TASK STATEMENT:
Nothing is needed except the lines below that run from the one with "ONLI Cesta Lampadario" through the one with "Experimental results for", repeated exactly.

DATA LISTING:
----
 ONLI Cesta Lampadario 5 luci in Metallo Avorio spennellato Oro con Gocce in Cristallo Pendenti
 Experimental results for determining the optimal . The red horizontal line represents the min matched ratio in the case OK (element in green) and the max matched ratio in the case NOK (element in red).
----
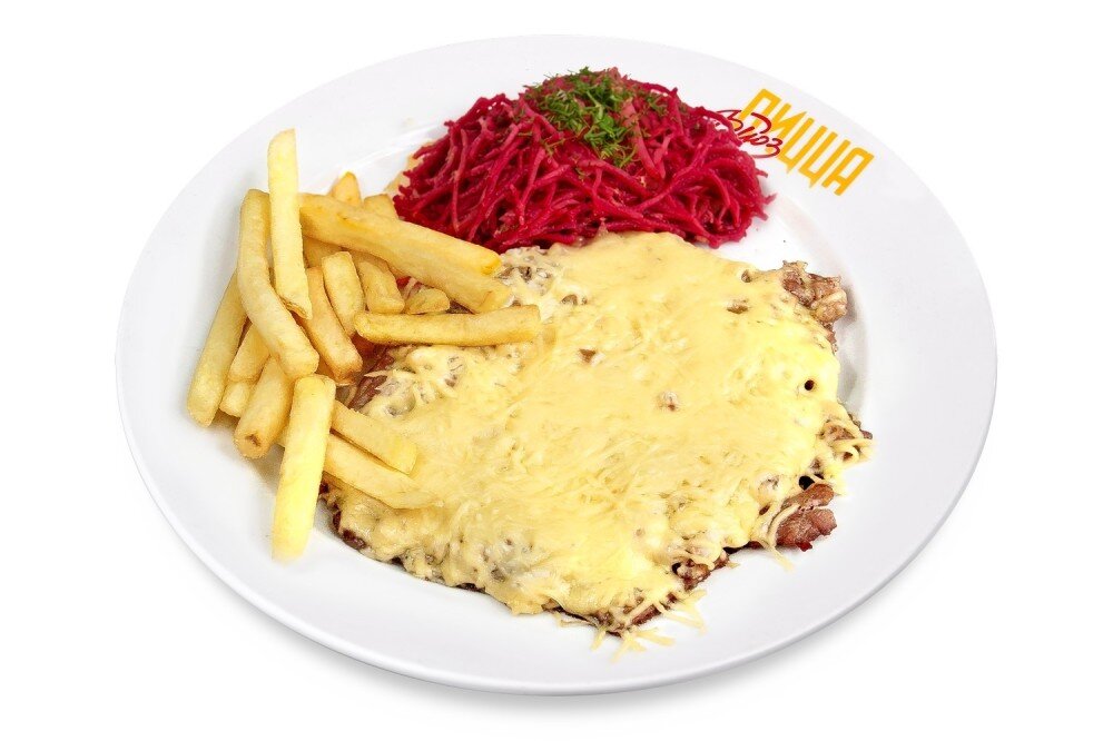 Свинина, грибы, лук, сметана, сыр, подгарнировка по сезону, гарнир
----
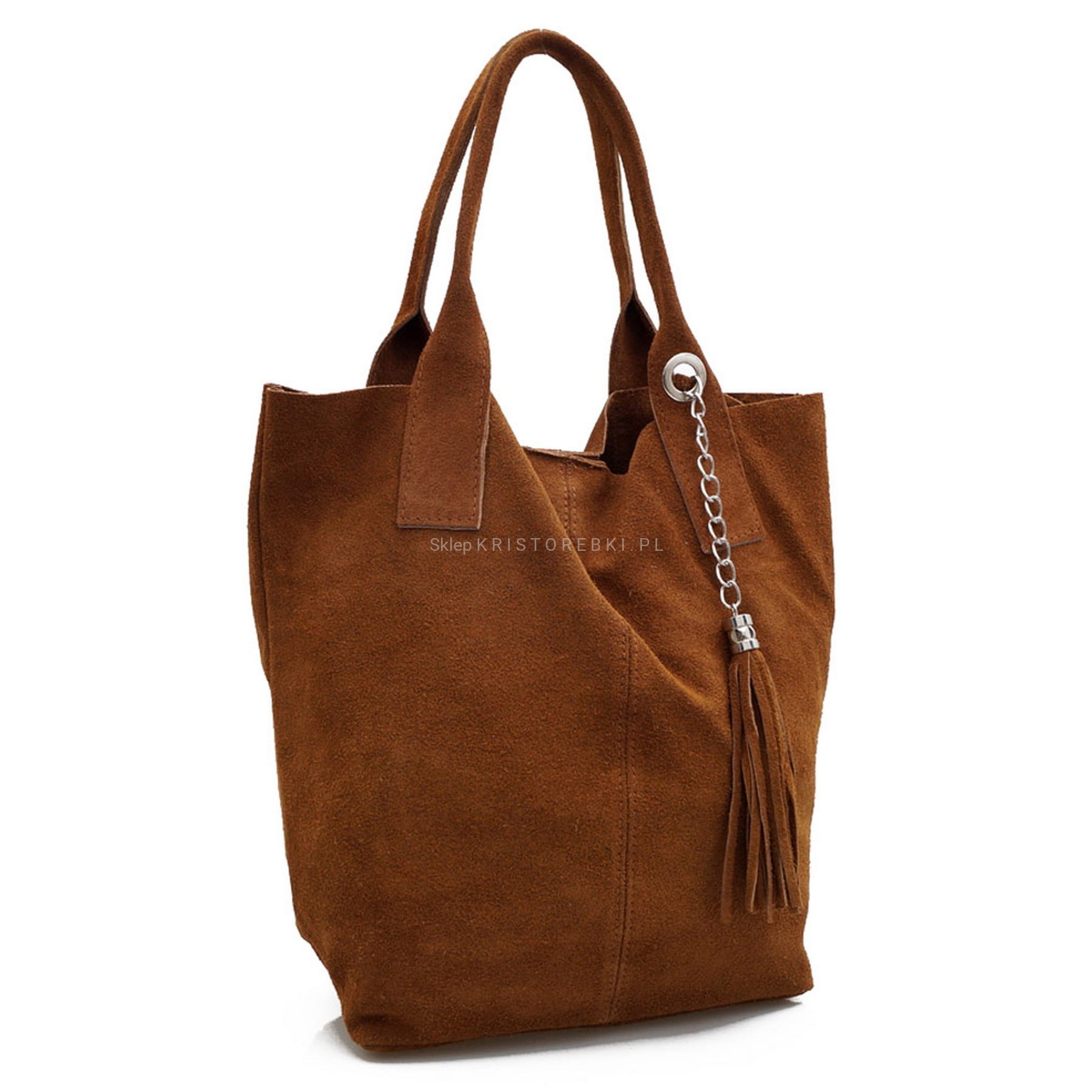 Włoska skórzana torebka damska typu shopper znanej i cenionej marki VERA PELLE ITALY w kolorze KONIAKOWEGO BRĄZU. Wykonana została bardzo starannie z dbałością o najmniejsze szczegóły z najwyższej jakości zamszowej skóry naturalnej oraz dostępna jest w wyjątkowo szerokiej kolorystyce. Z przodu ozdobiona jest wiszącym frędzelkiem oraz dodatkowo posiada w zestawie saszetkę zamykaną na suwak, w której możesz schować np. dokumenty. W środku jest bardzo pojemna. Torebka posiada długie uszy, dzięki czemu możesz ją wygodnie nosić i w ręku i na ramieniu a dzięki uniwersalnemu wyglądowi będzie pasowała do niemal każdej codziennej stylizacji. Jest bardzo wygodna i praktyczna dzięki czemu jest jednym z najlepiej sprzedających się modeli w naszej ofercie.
----
ANSWER AREA:
 ONLI Cesta Lampadario 5 luci in Metallo Avorio spennellato Oro con Gocce in Cristallo Pendenti
 Experimental results for determining the optimal . The red horizontal line represents the min matched ratio in the case OK (element in green) and the max matched ratio in the case NOK (element in red).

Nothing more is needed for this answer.